Dentro do contexto social brasileiro, a oportunização do brincar

assumiu, através da brinquedoteca, características próprias, voltadas para a

necessidade de melhor atender as crianças e as famílias brasileiras. Um dos

objetivos da brinquedoteca é resgatar o viver da criança no seu próprio tempo,

através das brincadeiras que realizam.

Para a professora Cunha (2007), o brincar é uma característica

primordial na vida das crianças. Segundo a autora em seu livro “Brinquedoteca:

um mergulho no brincar”, o brincar para a criança é importante:

19

Porque, brincando, a criança desenvolve a sociabilidade, faz

amigos e aprende a conviver respeitando o direito dos outros e

as normas estabelecidas pelo grupo e porque, brincando, a

criança está nutrindo sua vida interior, descobrindo sua

vocação e buscando um sentido para sua vida (CUNHA, 2007,

p.11)

É brincar, jogar e se divertir dentro de um espaço onde a ludicidade

e a criação têm muitas semelhanças e são essências no processo de formação

do ser humano voltado ao desenvolvimento infantil, e o que vemos é a

confirmação cada vez mais precisa sobre a importância deste comportamento

para a formação de uma criança feliz e saudável.

20

CAPÍTULO II

A CONCEPÇÃO DE INFÂNCIA E EDUCAÇÃO AO LONGO DOS

TEMPOS.

De acordo com os diferentes contextos históricos, a infância é

percebida diferentemente ao longo dos tempos, pois o modo de produção

vigente numa sociedade determina o processo político, social, intelectual,

sentimental e as formas de relacionamento dos homens entre si e destes com

as crianças.

Segundo Rego:

Com ajuda do adulto as crianças assimilam ativamente aquelas

atividades que foram construídas pela História social ao longo

de milênios: ela aprende a sentar-se à mesa, a comer com

talheres, a tomar líquidos em copo, etc. Através das interações

constantes do adulto (e de crianças mais experientes) os

processos psicológicos mais complexos começam a se formar.

(REGO 2004. p. 60.)

Na Idade Média, a infância significava um estado de transição para a

vida adulta e a criança era considerada um adulto em miniatura. Devido a isso,

executava as mesmas tarefas que o adulto e também se vestia como ele, pois

não existiam modelos específicos de roupas para as crianças. Porém, a

hierarquia social era visualizada através das mesmas, por haver diferenciações

destas por classes sociais.

Para a sociedade, era de suma importância que a criança crescesse

rapidamente para poder participar do trabalho e das demais atividades do

mundo adulto.

21

A educação destas crianças consistia em inseri-las numa família

estranha por volta dos sete anos de idade, independentemente de sua função

social, para aprenderem os serviços domésticos através da prática, e o anfitrião

era chamado de mestre e a criança de aprendiz. Os trabalhos domésticos não

eram considerados degradantes ou inferiores como hoje, pois era uma forma

de educação comum a ricos e pobres, e os conhecimentos e valores humanos

que as crianças deveriam possuir eram transmitidos desta forma.

A educação escolar estava reservada a um pequeno grupo de

clérigos e nobres, com faixa etária diversificada, pois era considerado normal o

fato de um adulto interessado em aprender ser integrado numa turma infantil,

pois o que importava era a matéria a ser ensinada.

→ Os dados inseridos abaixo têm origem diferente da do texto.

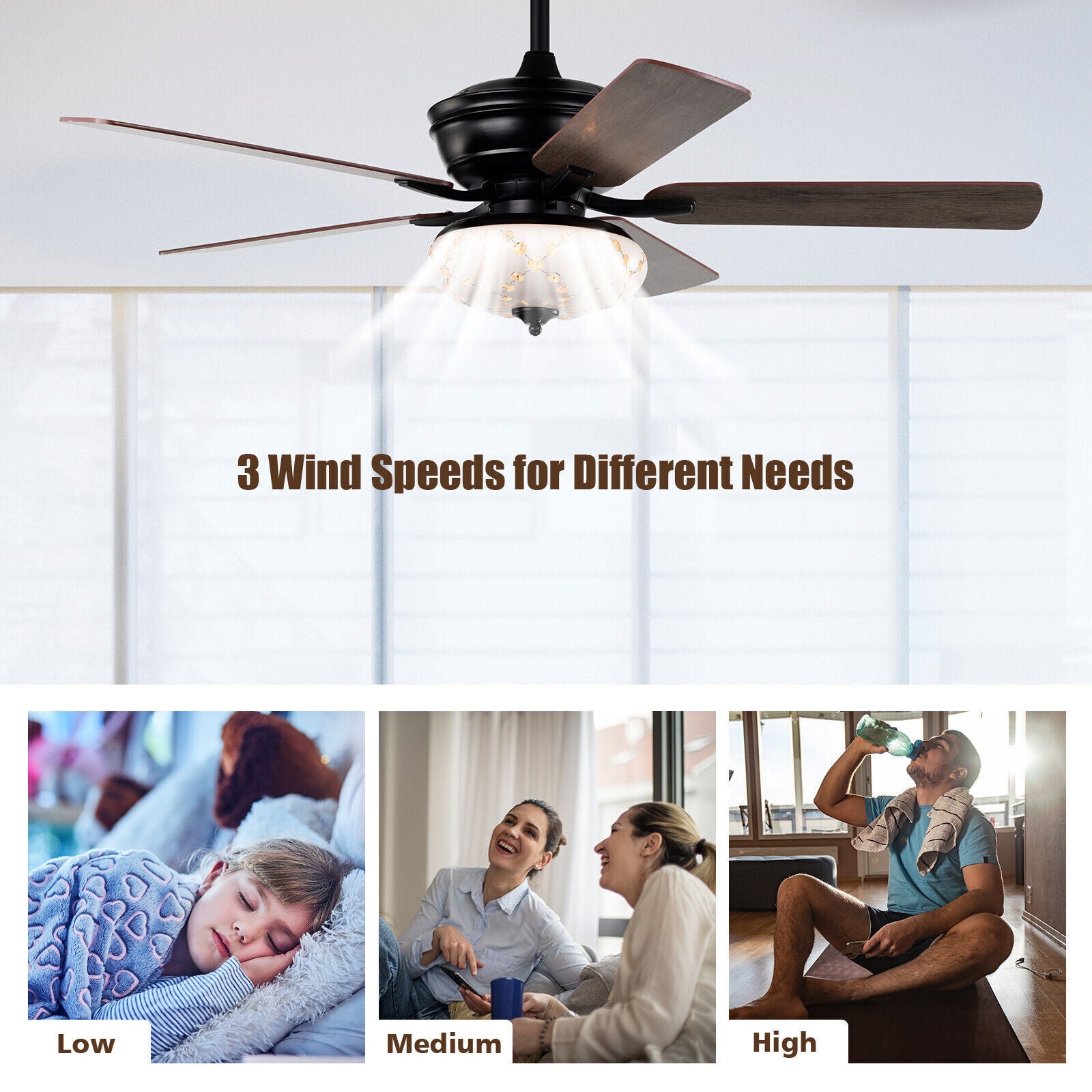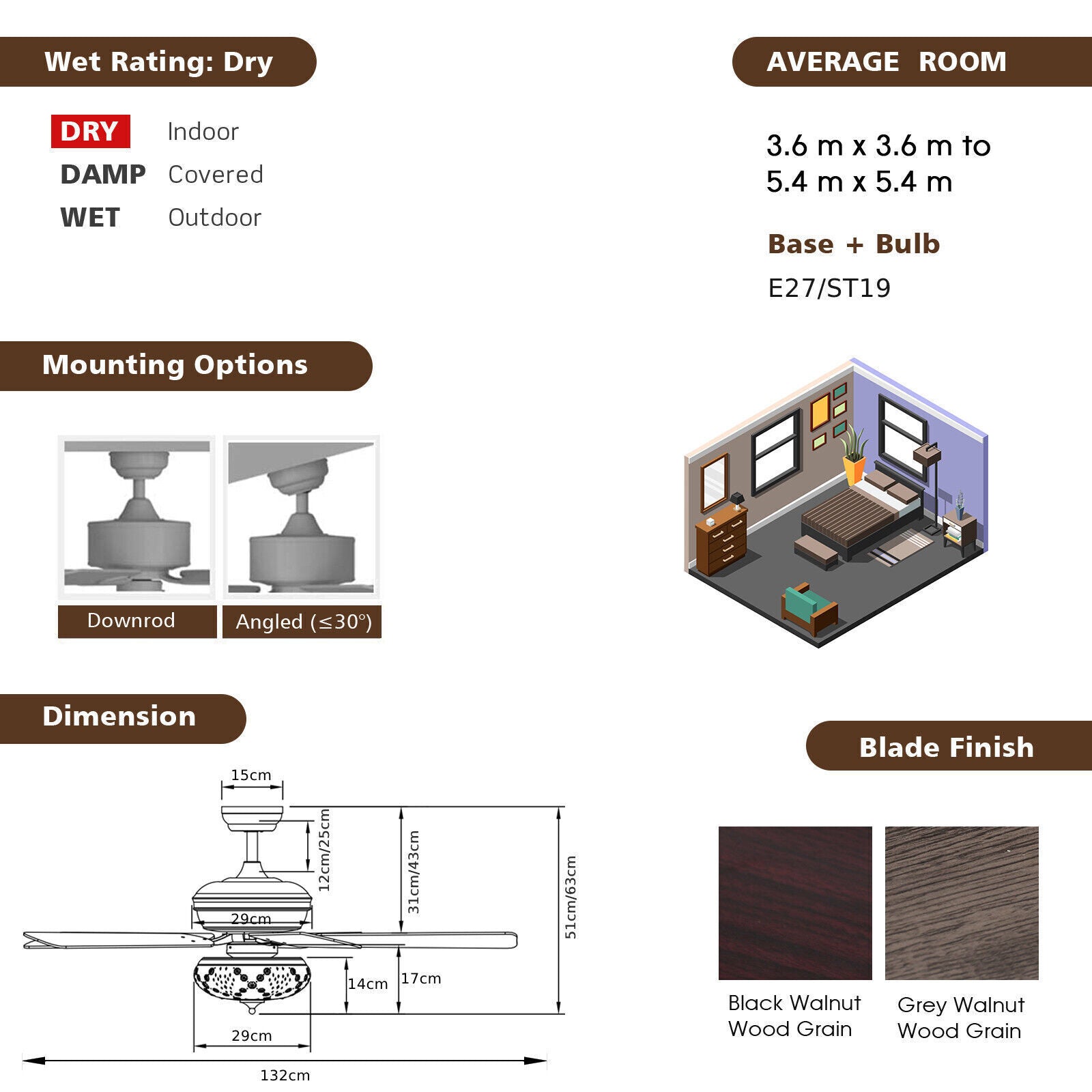 132cm Ceiling Fan Indoor Bedroom Kitchen Retro Ceiling Fan with Remote Control

A partir dos séculos XV e XVI algumas obras artísticas começam a

dar destaque às crianças que eram representadas nas obras em grupos,

muitas vezes em tipos de jogos com adultos, com a mãe no meio do povo etc.

No entanto o sentimento de que Deus mandava para o mundo várias crianças

para serem conservadas apenas algumas, durou por muito tempo e assim as

crianças morriam em grande quantidade. Para os adultos, diferentemente dos

nossos dias, elas não continham a personalidade de um homem. Tal

concepção era tão forte nos adultos que eles não davam muita importância a

este acontecimento.

Na Idade Moderna (século XVI a XVIII), no período de transição do

feudalismo para o capitalismo, ocorreram transformações nas relações sociais

que refletiram na organização familiar, escolar e no sentimento de infância. A

criança nobre passou a ser vista como fonte de alegria para os adultos, um ser

frágil que necessitava de muitos cuidados e atenção, porém isto não ocorreu

com as crianças da plebe.

No século XVII o excesso de paparicação dado às crianças foi

considerado pelos moralistas algo prejudicial, pois as tornava mimadas e mal-

educadas. Eles tinham preocupação com a educação da criança que deveria

ser separada dos adultos para que sua inocência fosse preservada então foi

proposta uma educação para moralizar as crianças. Esta moralização

22

aproximou os pais das crianças, gerando assim, um sentimento de família e de

infância.

Nesta época o uso do castigo corporal, inclusive com chicote,

tornou-se uma coisa comum na escola e na família, que também passou a ser

considerada uma instituição educativa. Neste século surgiu um traje especial

para as crianças que fazia distinção de sexo, de classe social e das roupas dos

adultos.

Com o passar do tempo ocorreu uma formalização do atendimento à

criança, seguindo o ideário dos movimentos religiosos da época, com uma

rígida disciplina de execução de tarefas e a instigação da autodisciplina. Em

algumas regiões da Europa havia uma pessoa responsável por educar cem

crianças, coisa que está quase sendo reimplantada em nossos dias com a

superlotação das escolas.

A partir do século XVIII emergiu uma preocupação, por parte dos

teóricos educacionais com a infância, na qual a criança passou a ser o centro

do interesse educativo dos adultos sendo vista como sujeito de necessidades e

objeto de expectativas e cuidados, pois este é o período de preparação da

criança para ser inserida no mundo adulto.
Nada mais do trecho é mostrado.